Changing the Face of Traditional Packaging

When Campbell’s teenaged daughter challenged him to join her in participating in a triathlon five years ago, his competitive spirit arose and he couldn’t resist the challenge. He had not done one before, but he had run track at Cornell University, so he thought he’d draw on that and figure out the rest. He’s been a triathlete ever since, and in August, he competed in the prestigious U.S. Triathlon Sprint National Championship.

It was that same competitive spirit, engineering ingenuity, commitment to excellence, and environmental inclination that propelled Campbell to accept the challenges inherent in heading up the initiative to green Dell’s packaging.

The fact that he had not been entrenched in the packaging industry freed him up to take a fresh approach to the challenge. “When we first started on this journey, a lot of people in the [packaging] industry told us it couldn’t be done.

“I asked, ‘Why not?’ Packaging is a very mature industry, and the technology has been stable for a number of decades. It provided great solutions, but the world is changing. And so I came into this, I guess, somewhat naively, and I think that turned out to be one of my greatest strengths,” Campbell said.

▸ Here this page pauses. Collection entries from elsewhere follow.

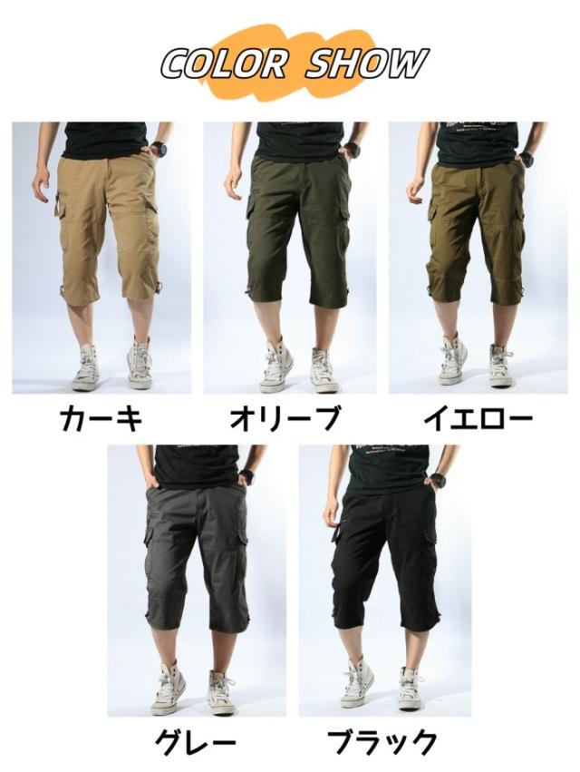 カーゴパンツ メンズ 七分丈パンツ クロップドパンツ 七分丈 ワイド スリム ハーフパンツ 速乾 大きいサイズ ゆったり アウトドア 耐摩耗性 夏
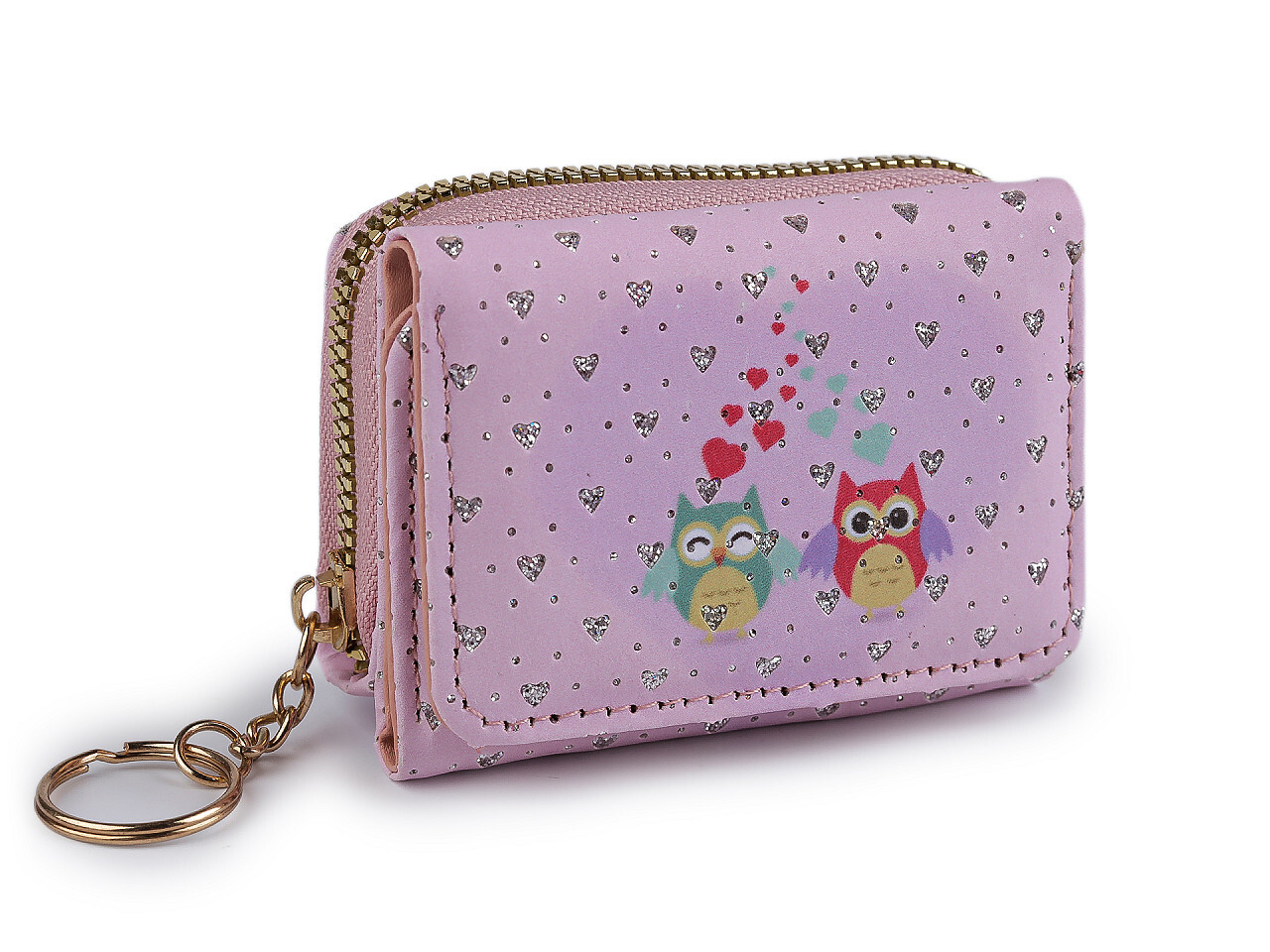 Mini peněženka dětská 7x8,5 cm - 1 ks - 20 růžová sv. sova
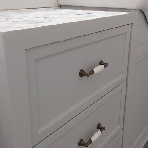 Μία κλασική vintage λαβή επίπλου με πορσελάνη για έπιπλα μπάνιου, κουζίνας και σαλονιού, σε αντικέ - κρακελέ χρώμα, που χαρακτηρίζεται για την ποιότητα και την κομψότητά της.
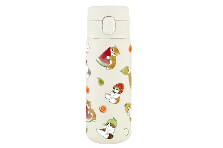 While KFC Mofusand keychains are purely decorative, this item is at least practical. Stay hydrated with this vibrant water bottle featuring fruit-themed Mofusand cats and a convenient one-push lid. It is also insulated to keep drinks cold or hot for longer.
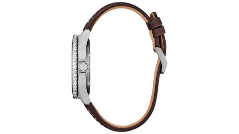 Take action and show your inner drive with the sporty styling of the Brycen, the latest addition to the Weekender collection. Featuring a silver-tone Super Titanium™ case with a brushed finish, the 41mm timepiece is durable in form and function with its matching bi-directional rotating bezel and triple-link bracelet. On the sunray blue dial, highly legible timekeeping elements are at work, with a yellow seconds counter providing a pop of color and a 3 o'clock date window providing daily utility. Featuring our proprietary Eco-Drive technology – powered by light, any light. Never needs a battery. Caliber number J810.
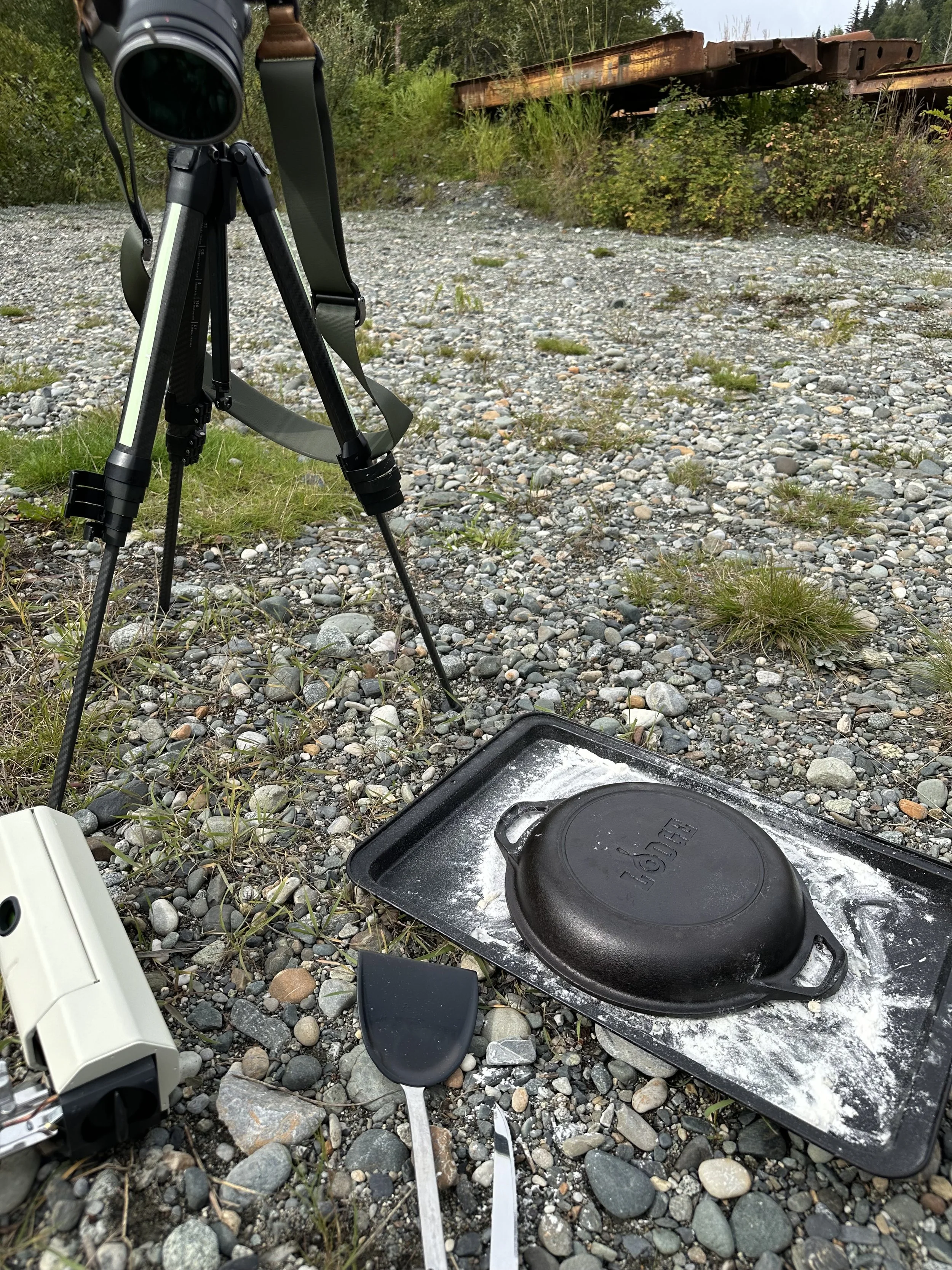 I set up my camera to do several time lapse videos of the action. You’ll see these after I get home. I’m just seeing the results now. Pretty fun. Since a time lapse you guessed it, time, I made a simple breakfast. Tea and porridge today from boiling water out of the lake.
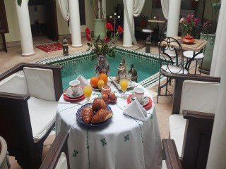 Un petit-déjeuner continental vous est servi chaque matin. Sur demande, vous pourrez le savourer dans votre chambre. Le midi et le soir, des plats marocains traditionnels vous sont proposés dans la cour ou sur le toit-terrasse.
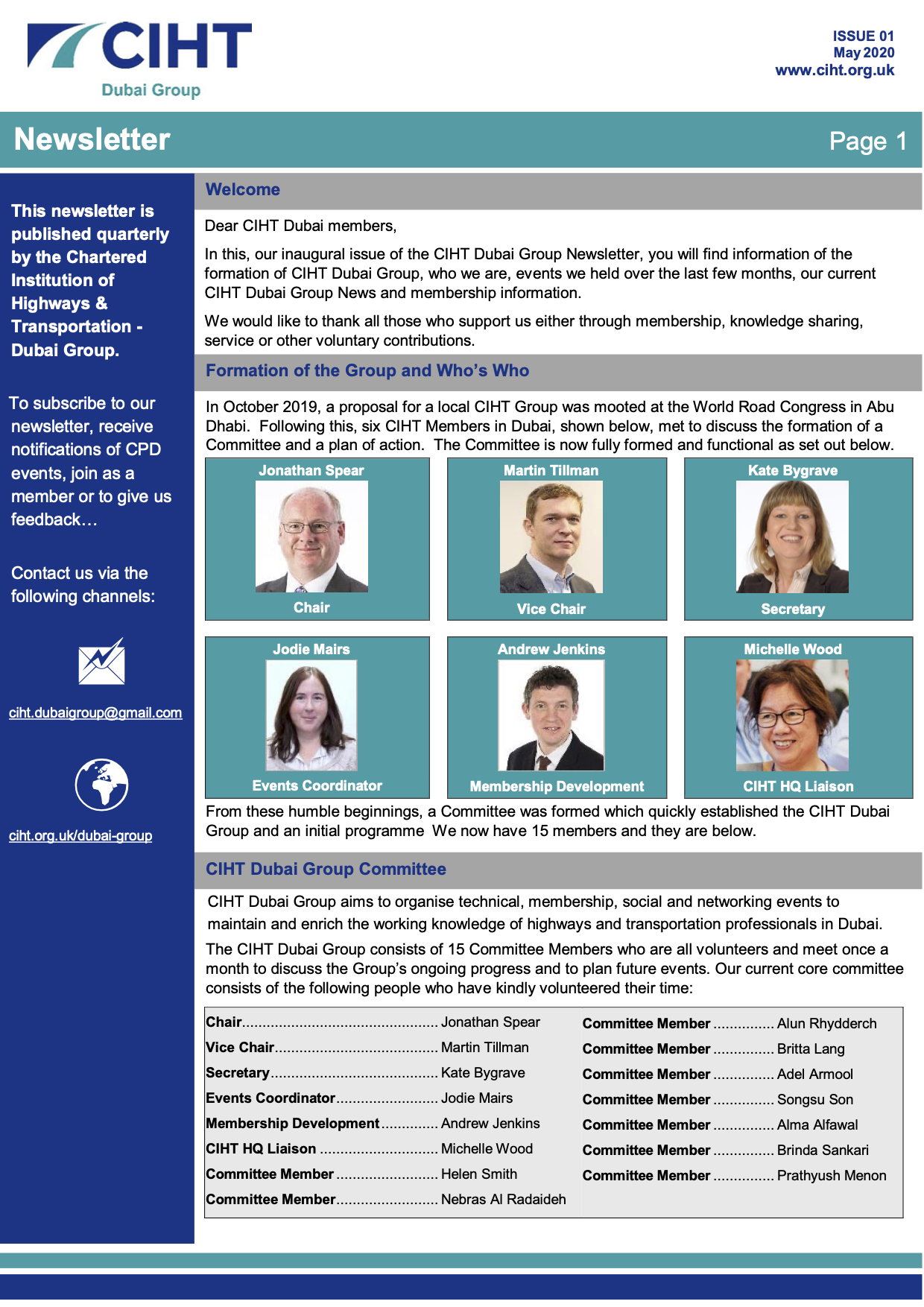 CIHT Dubai Group Newsletter Issue 1, May 2020

He said the resolution was in finding the right partners who would be willing to take on the hills in the road, and fortunately, he found them. “And that’s how we’ve been able to innovate with many of these new materials.”

Thinking Like a Champion

“When we started out, I told my team that my goal for them is to be the world’s best packagers. It’s about a way of thinking and an attitude. I wanted the team to start taking some of the risks that a champion takes—not dumb ones, but smart ones.

“That’s really important, because we set some pretty steep goals—reduce our packaging by 10 percent, increase recycled content by 40 percent, and increase the amount of packaging that can be recycled curbside by 70 percent. When you’re a $60 billion global company with 100,000 employees, that’s a pretty big mountain to climb.

“And I guess it was that sense of competition that attracted me to competing in triathlons … that sense of excellence that we focused on. We did the analysis. We did our homework, and we felt we could do it, and we accomplished every goal we set.

“I’m very proud of my team,” he added.

Campbell said that although he’s happy with his recent showing in the nationals, his daughter still finishes the competitions faster than he does.

“I still haven’t beaten her yet. Her wave usually starts behind mine, and somewhere on the bike leg of the race, I’ll hear, ‘Hi, Daddy,’ as she rides by.